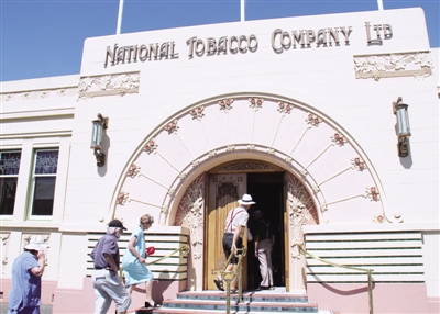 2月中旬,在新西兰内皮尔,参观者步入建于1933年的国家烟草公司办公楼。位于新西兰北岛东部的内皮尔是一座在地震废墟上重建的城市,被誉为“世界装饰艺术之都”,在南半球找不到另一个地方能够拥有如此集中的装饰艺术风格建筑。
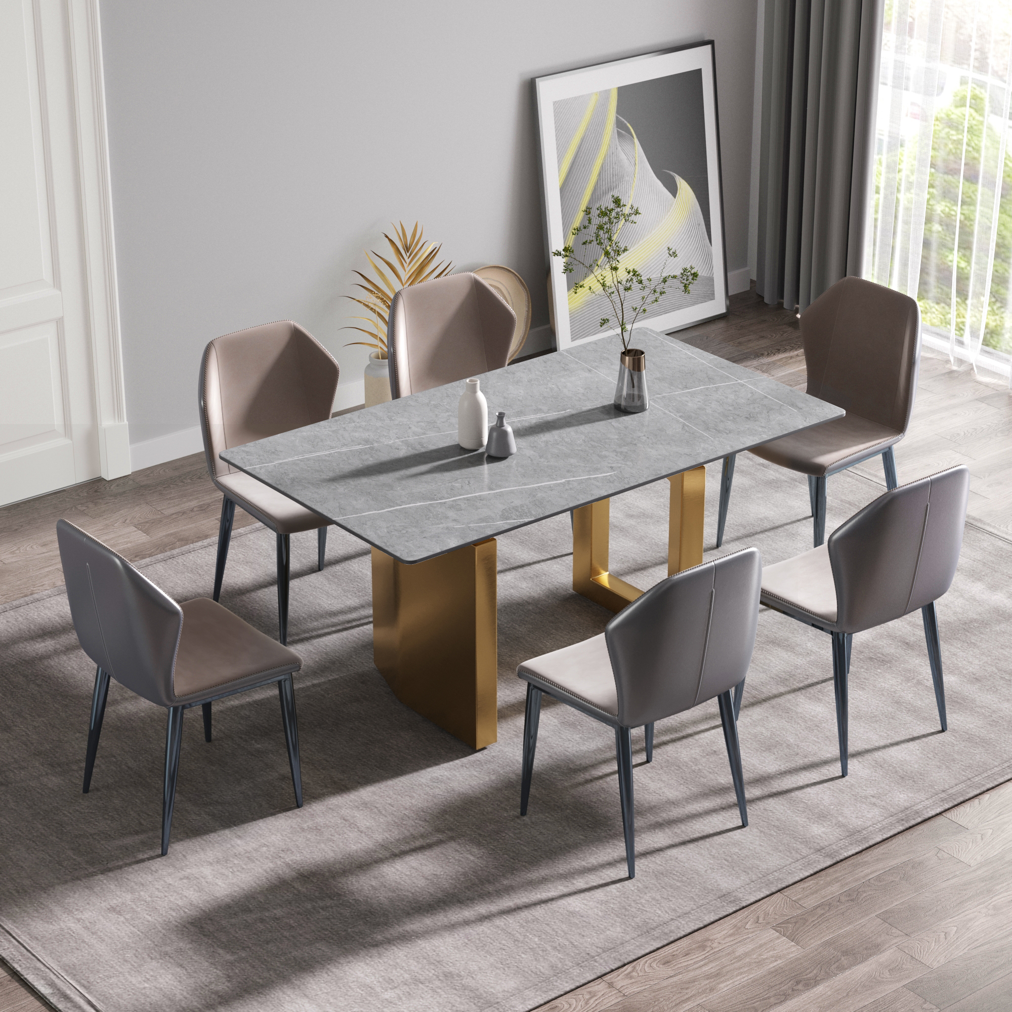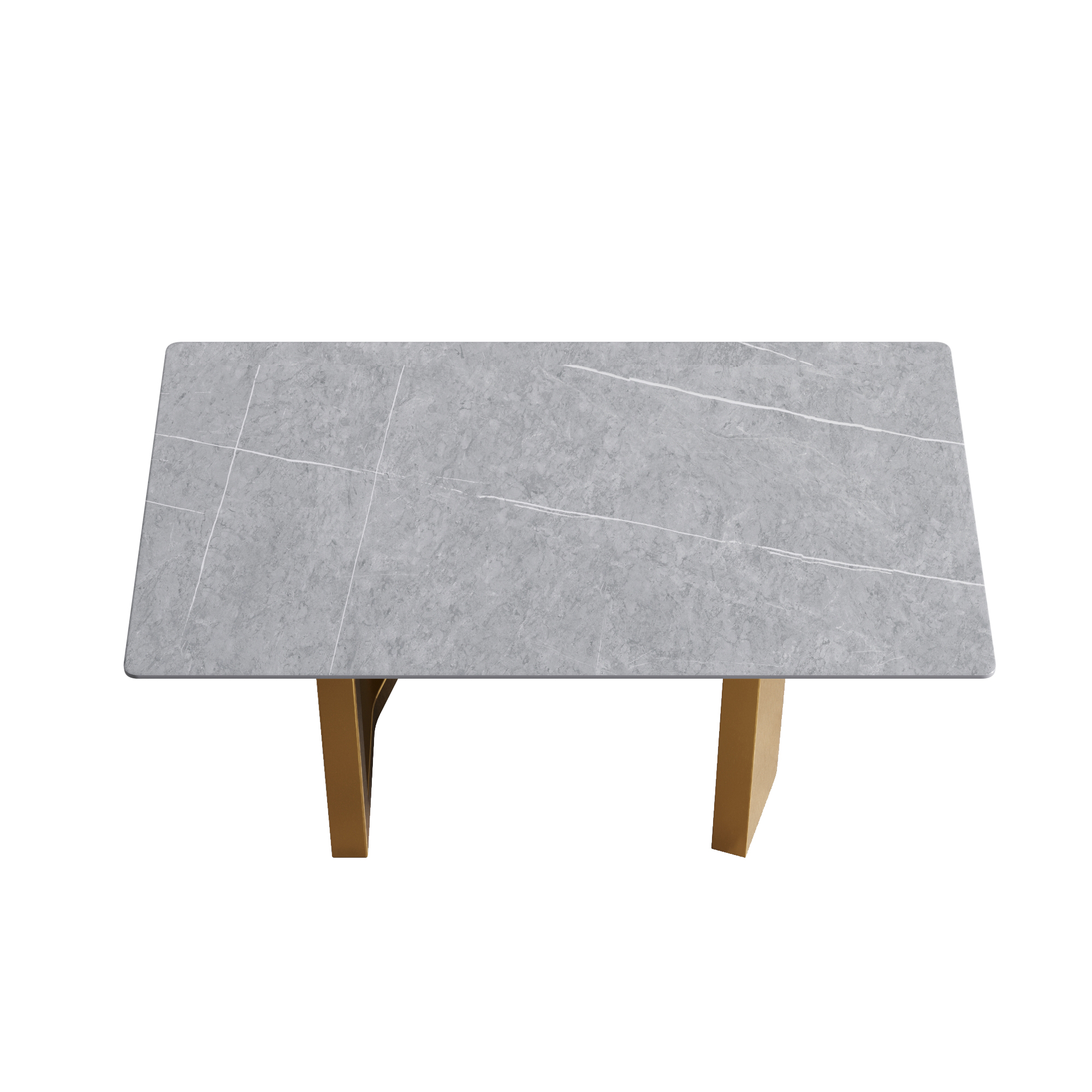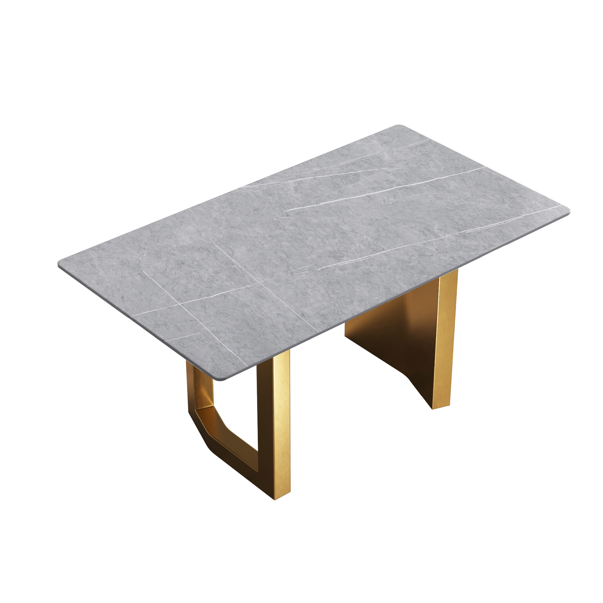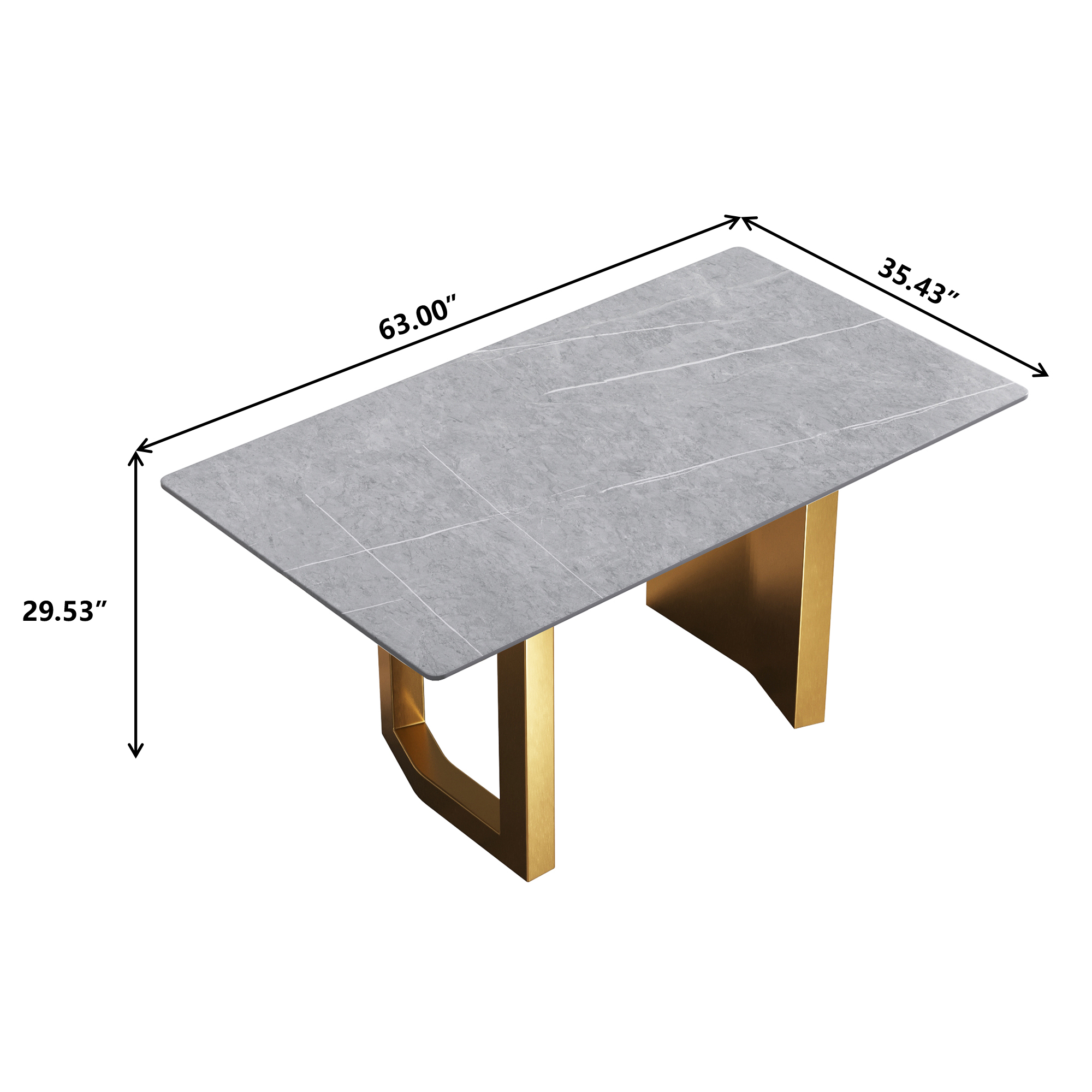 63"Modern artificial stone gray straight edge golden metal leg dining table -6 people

* * *

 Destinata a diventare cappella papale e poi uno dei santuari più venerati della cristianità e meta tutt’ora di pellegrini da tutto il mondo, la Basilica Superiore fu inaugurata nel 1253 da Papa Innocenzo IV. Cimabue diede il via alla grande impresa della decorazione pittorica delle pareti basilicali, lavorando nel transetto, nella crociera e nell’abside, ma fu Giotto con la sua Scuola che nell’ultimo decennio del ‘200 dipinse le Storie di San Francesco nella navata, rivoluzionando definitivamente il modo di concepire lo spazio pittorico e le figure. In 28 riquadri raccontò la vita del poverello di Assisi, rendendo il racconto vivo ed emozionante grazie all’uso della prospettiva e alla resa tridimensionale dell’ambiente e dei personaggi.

(WHAT IS EXPECTED): Leave out every picture, and copy exactly the lines above starting at the one holding "2月中旬,在新西兰内皮尔,参" and ending at the one holding "table -6 people", no more and no less.

(ANSWER BOX):
 2月中旬,在新西兰内皮尔,参观者步入建于1933年的国家烟草公司办公楼。位于新西兰北岛东部的内皮尔是一座在地震废墟上重建的城市,被誉为“世界装饰艺术之都”,在南半球找不到另一个地方能够拥有如此集中的装饰艺术风格建筑。
 63"Modern artificial stone gray straight edge golden metal leg dining table -6 people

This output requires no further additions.